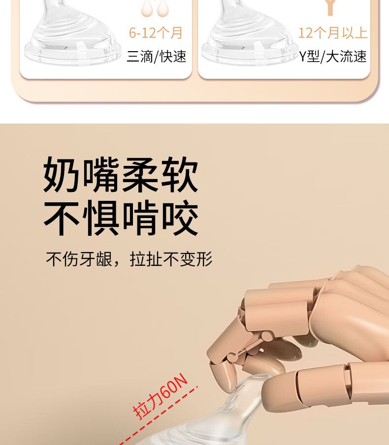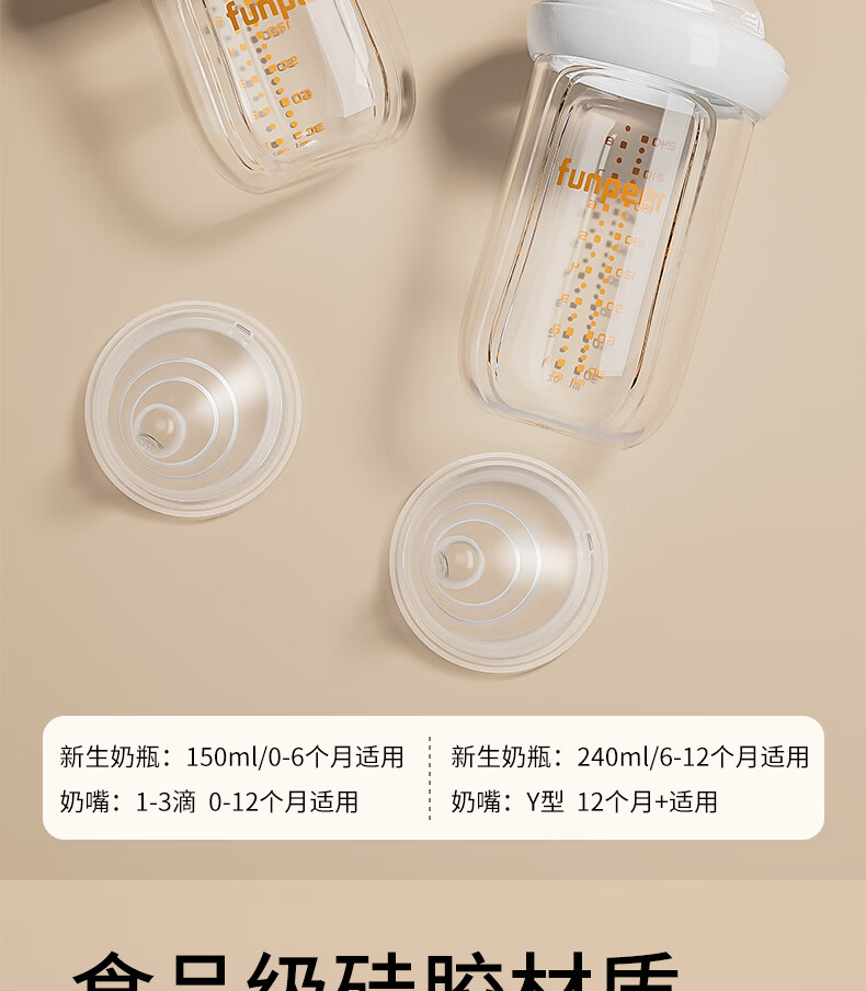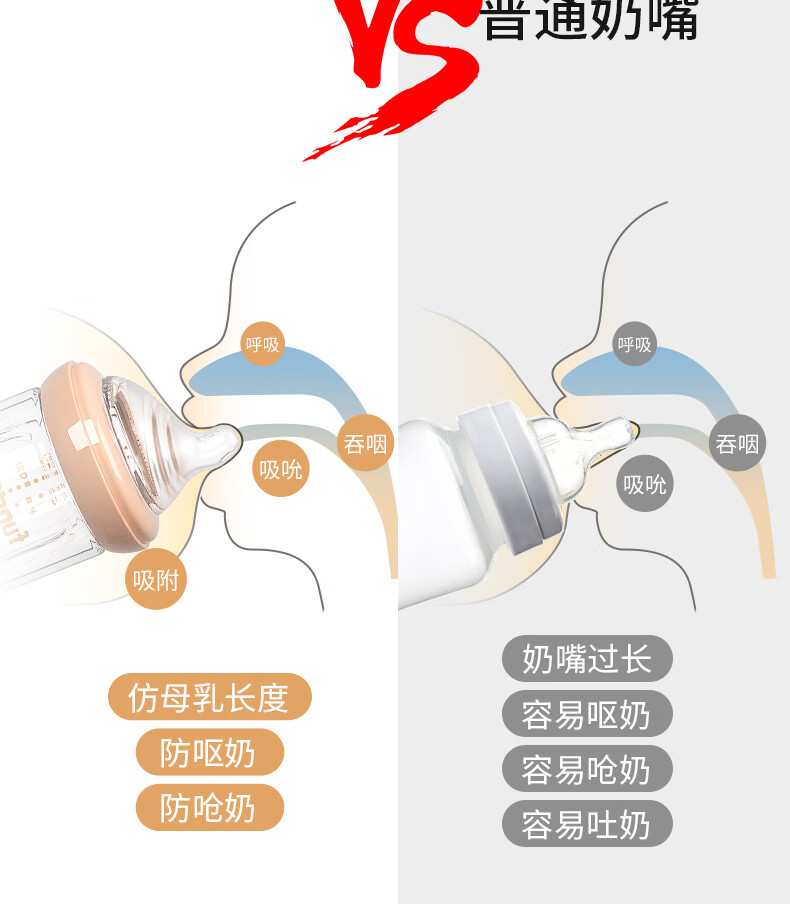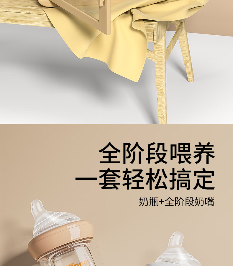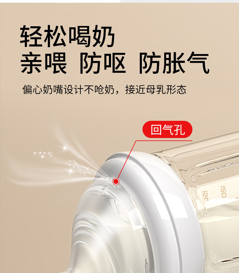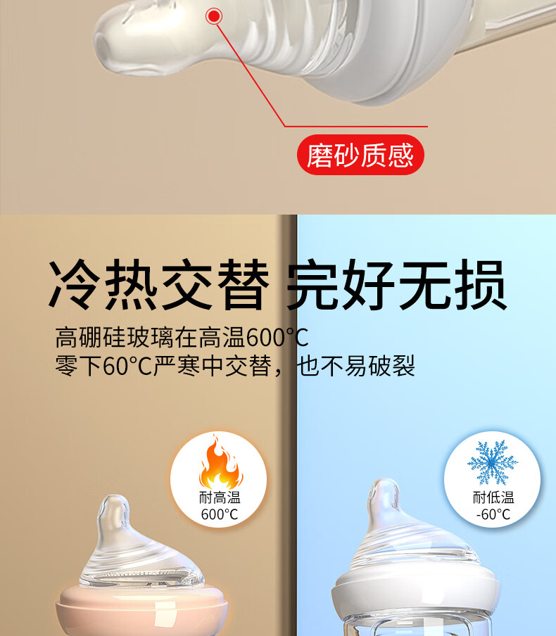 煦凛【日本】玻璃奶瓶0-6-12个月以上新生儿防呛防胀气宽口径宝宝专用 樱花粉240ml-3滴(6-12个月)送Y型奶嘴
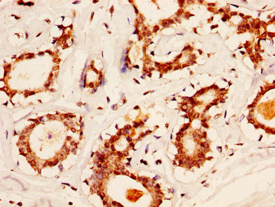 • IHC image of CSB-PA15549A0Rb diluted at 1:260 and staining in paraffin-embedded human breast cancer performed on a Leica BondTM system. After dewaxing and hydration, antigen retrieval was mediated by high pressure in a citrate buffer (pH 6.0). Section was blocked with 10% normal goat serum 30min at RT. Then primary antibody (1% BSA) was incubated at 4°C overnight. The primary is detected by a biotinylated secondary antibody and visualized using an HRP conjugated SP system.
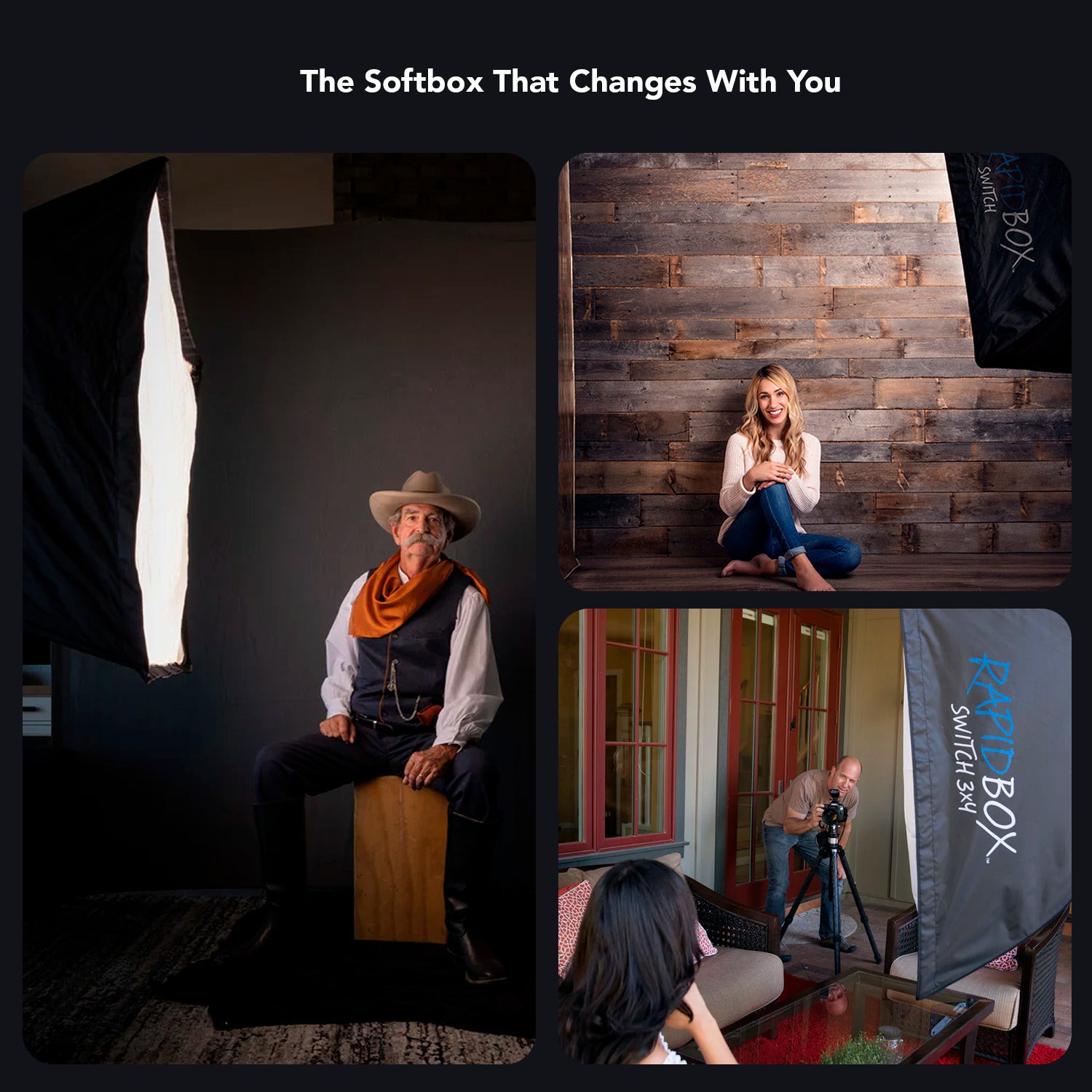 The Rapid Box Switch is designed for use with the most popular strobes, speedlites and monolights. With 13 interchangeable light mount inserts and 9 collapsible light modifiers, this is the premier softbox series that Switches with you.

==

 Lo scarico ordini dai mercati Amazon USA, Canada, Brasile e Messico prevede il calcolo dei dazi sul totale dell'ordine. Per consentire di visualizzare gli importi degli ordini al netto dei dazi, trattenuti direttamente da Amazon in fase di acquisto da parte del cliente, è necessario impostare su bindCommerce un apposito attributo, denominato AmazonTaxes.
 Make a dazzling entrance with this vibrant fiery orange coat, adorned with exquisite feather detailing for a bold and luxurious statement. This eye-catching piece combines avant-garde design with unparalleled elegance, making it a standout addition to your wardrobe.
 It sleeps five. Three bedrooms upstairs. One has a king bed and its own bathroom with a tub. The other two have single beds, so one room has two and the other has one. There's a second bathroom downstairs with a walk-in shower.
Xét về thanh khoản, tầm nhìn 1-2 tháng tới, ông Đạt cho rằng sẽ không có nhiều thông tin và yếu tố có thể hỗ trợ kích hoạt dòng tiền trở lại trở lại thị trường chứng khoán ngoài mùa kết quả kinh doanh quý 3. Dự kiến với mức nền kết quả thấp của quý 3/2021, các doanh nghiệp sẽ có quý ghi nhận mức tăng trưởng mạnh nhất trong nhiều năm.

ABOUT THIS TASK:
From the material above, reproduce only what runs from the line holding "煦凛【日本】玻璃奶瓶0-6-12个月以上" down to the line holding "The Rapid Box", both included, pictures excluded.

OUTPUT BELOW:
 煦凛【日本】玻璃奶瓶0-6-12个月以上新生儿防呛防胀气宽口径宝宝专用 樱花粉240ml-3滴(6-12个月)送Y型奶嘴
 • IHC image of CSB-PA15549A0Rb diluted at 1:260 and staining in paraffin-embedded human breast cancer performed on a Leica BondTM system. After dewaxing and hydration, antigen retrieval was mediated by high pressure in a citrate buffer (pH 6.0). Section was blocked with 10% normal goat serum 30min at RT. Then primary antibody (1% BSA) was incubated at 4°C overnight. The primary is detected by a biotinylated secondary antibody and visualized using an HRP conjugated SP system.
 The Rapid Box Switch is designed for use with the most popular strobes, speedlites and monolights. With 13 interchangeable light mount inserts and 9 collapsible light modifiers, this is the premier softbox series that Switches with you.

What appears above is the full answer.